¹Department of Biochemistry, Genetics, and Pharmacology, Odense University Hospital and Human Microarray Centre (HUMAC), University of Southern Denmark, DK-5000 Odense, Denmark
²Department of Endocrinology, Odense University Hospital, DK-5000 Odense, Denmark
³Medical Prognosis Institute Aps, DK-2979 Hørsholm, Denmark
⁴Institute of Public Health, University of Southern Denmark, DK-5000 Odense, Denmark

Correspondence: vibe.skov{at}ouh.regionsyddanmark.dk

Objective:Insulin resistance in skeletal muscle is a major risk factor for the development of type 2 diabetes in women with polycystic ovary syndrome (PCOS). In patients with type 2 diabetes, insulin resistance in skeletal muscle is associated with abnormalities in insulin signaling, fatty acid metabolism, and mitochondrial oxidative phosphorylation (OXPHOS). In PCOS patients, the molecular mechanisms of insulin resistance are, however, less well characterized.
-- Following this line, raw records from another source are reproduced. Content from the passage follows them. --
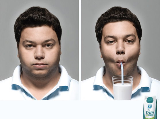 上圖是一個減肥飲料的廣告,通過前后人物的變化,輕松的表達產(chǎn)品的功效,而在我們網(wǎng)頁界面中,主要還是通過色彩的對比和方向指向來傳達順序關(guān)系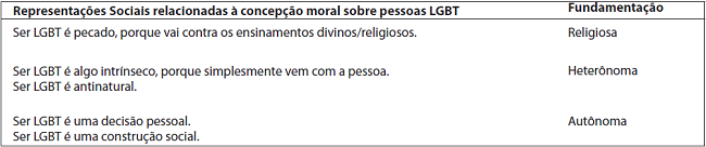 As RS das pessoas LGBT constituídas por concepções morais da homossexualidade, fundamentadas principalmente nas morais religiosas e heterônomas, também foram evidenciadas em pesquisas com diferentes grupos de participantes, referendando o preconceito socialmente compartilhado (Moreira e Gomes, 2013; Pereira et al., 2013; 2011; Lacerda, Pereira e Camino, 2002).
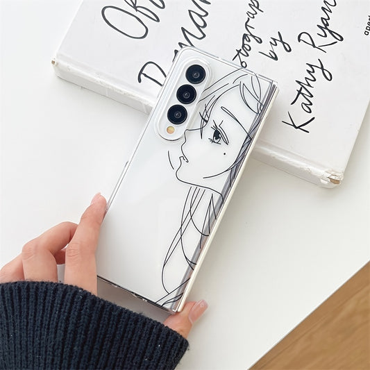 Cute Girl Simple Folding Drawing Phone Case For Galaxy Z Flip 3,Galaxy Z Flip 4,Galaxy Z Fold 3,Galaxy Z Fold 4

Research Design and Methods:To identify biological pathways of importance for the pathogenesis of insulin resistance in PCOS, we compared gene expression in skeletal muscle of metabolically characterized PCOS patients (n=16) and healthy control subjects (n=13) using two different approaches for global pathway analysis; Gene Set Enrichment Analysis (GSEA 1.0) and Gene Map Annotator and Pathway Profiler (GenMAPP 2.0).

Results:We demonstrate that impaired insulin-stimulated total, oxidative and non-oxidative glucose disposal in PCOS patients are associated with a consistent downregulation of OXPHOS gene expression using both GSEA and GenMAPP analysis. Quantitative real-time PCR (q-RT-PCR) analysis validated these findings and showed that reduced levels of PGC-1 could play a role for the downregulation of OXPHOS genes in PCOS.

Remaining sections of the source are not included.